There has been a call at local level to the Criminal Assets Bureau for the reinvestment of the proceeds of those assets back into communities that have suffered as a result of drug dealing. Particularly in the present economic climate, there is an opportunity to revisit that issue in the context of supporting the different strands of the strategy and particularly the local drugs task forces.

In the presentation there was a reference to methadone. I query again whether enough is being done to examine the effects of the long-term use of methadone. Of the 8,500 people currently on methadone, how many of those are over 30 or 40 and what is their physical condition? I very much welcome that there is now a possibility of examining alternative methods, not just of substitute treatment but other methods of treatment.

On the Office of the Minister for Drugs, I very much welcome the centralising and streamlining of the structures to ensure a more effective delivery of services on the ground. However, I would caution against the loss of the local knowledge and input of people who are working directly with addicts and their families. That is crucial and it comes back to the issue of family support. If there is a centralising of the service account must be taken of the information and knowledge available on the ground, not just in the major cities. It is in small villages also. As members mentioned, people in the smaller towns and villages where there is an issue with drugs are more aware of the problem and that must be borne in mind in terms of any changes that are made. I welcome the fact that we are moving on with a new strategy and look forward next year to the inclusion of alcohol in that strategy.

I will try not to address areas already covered but instead focus on the strategy the Minister of State outlined and the spread of drugs geographically. My interest would be rural areas. As many speakers have said, drugs have spread into the towns and villages and the difficulty rural communities have is that the problem is different in that it is a very public problem. There is a lack of services currently and I ask the Minister of State to outline the way his strategy will take account of the fact that this is happening because parents and everyone involved feel very isolated.

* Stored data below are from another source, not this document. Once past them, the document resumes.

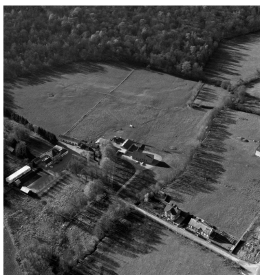
Vue aérienne du site vers le sud-ouest en 1989.
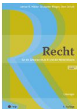
Recht Lösungen (Print inkl. E-Book Edubase, Neuauflage 2025) Ladenpreis: 44,30EUR
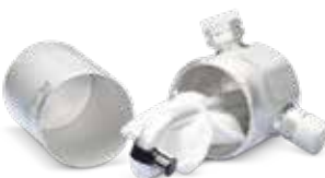
Avec entretien de la clim

La bouteille déshydratante élimine les impuretés du fluide frigorigène et retient l'humidité contenue dans le circuit. Mais sa capacité est limitée, d'où la nécessité de la remplacer régulièrement pour assurer le bon fonctionnement de la climatisation.
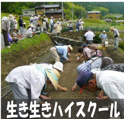
生き生きハイスクール
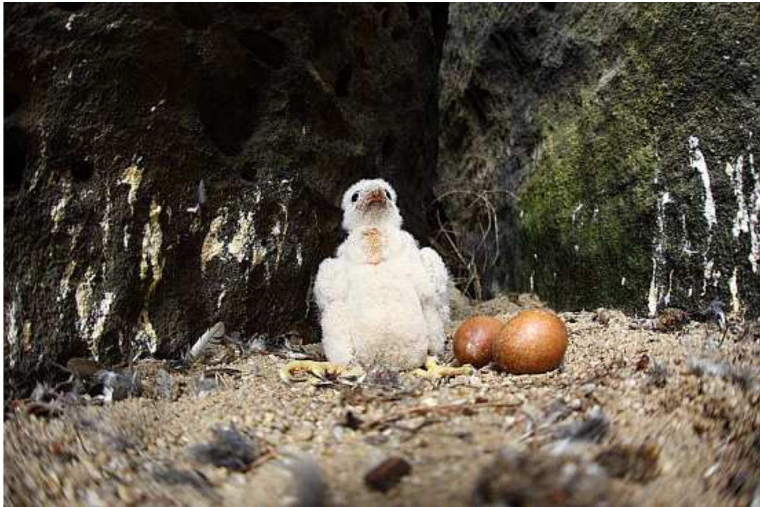
Mládě sokola stěhovavého
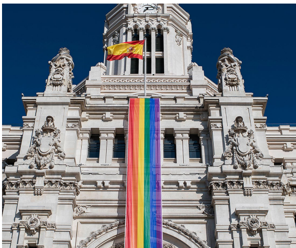
▲ RATHAUS VON MADRID

Lernen Sie die Hauptstadt Spaniens kennen und stellen Sie fest, dass die Vielfalt in der ganzen Stadt spürbar ist. Möchten Sie in einem speziell für Sie entworfenen Viertel bummeln? Kommen Sie nach Chueca und erleben Sie es!
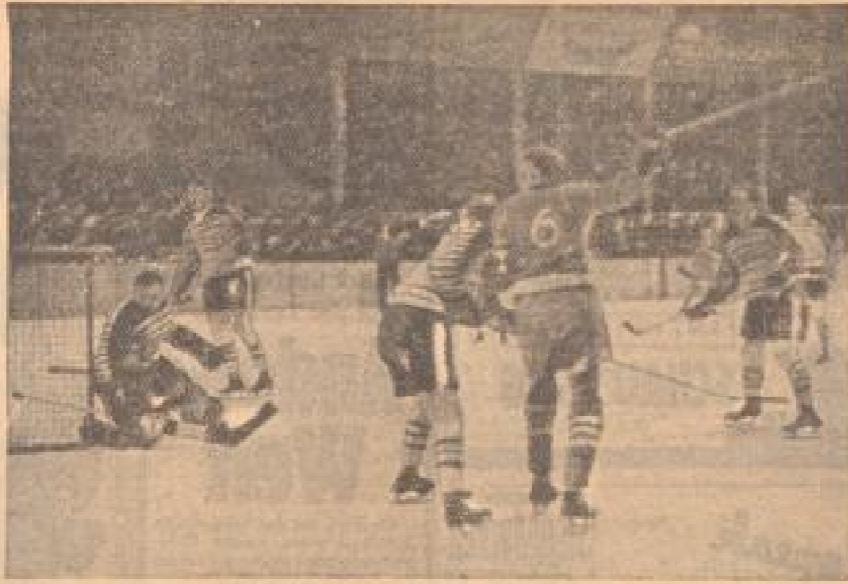
Eisshockey-Weltmeisterschaft in Prag
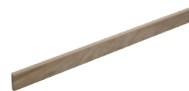
Battiscopa Nature Argan 19 8x120
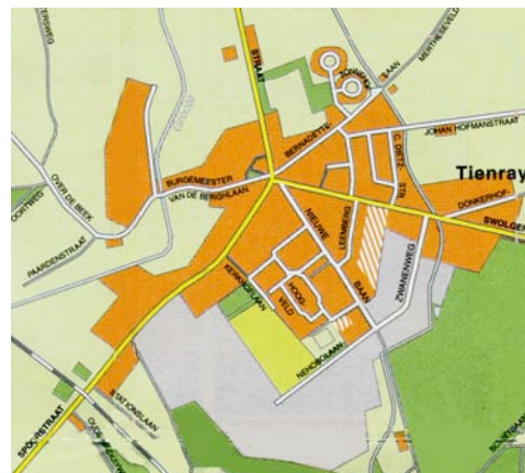
Drukke op de Swolgenseweg / Tienray rondom een knooppunt van (verbindings)wegen.

The Minister of State mentioned also that a partnership approach will be taken based on statutory, community and voluntary sectors. I am aware that the GAA has substance abuse officers at the various stages. Is it the Minister of State's intention to have those officers in community or other sporting organisations? Is that what he meant when he said it will be based on the community and voluntary sectors or will he make use in some way of the existing structures, particularly those that are effective in rural areas, and that might be a vehicle for him to achieve solutions?

In terms of bringing to justice people involved in the drugs trade, there is a drug squad in Mayo, for instance, but in respect of prevention and rehabilitation, I have seen at first hand how the juvenile liaison scheme and the Garda diversion programme provide wonderful value for money in keeping people out of prison and on the straight and narrow. I hope there would be even greater investment in these initiatives because money would be saved in the long run as a result of the great work they do.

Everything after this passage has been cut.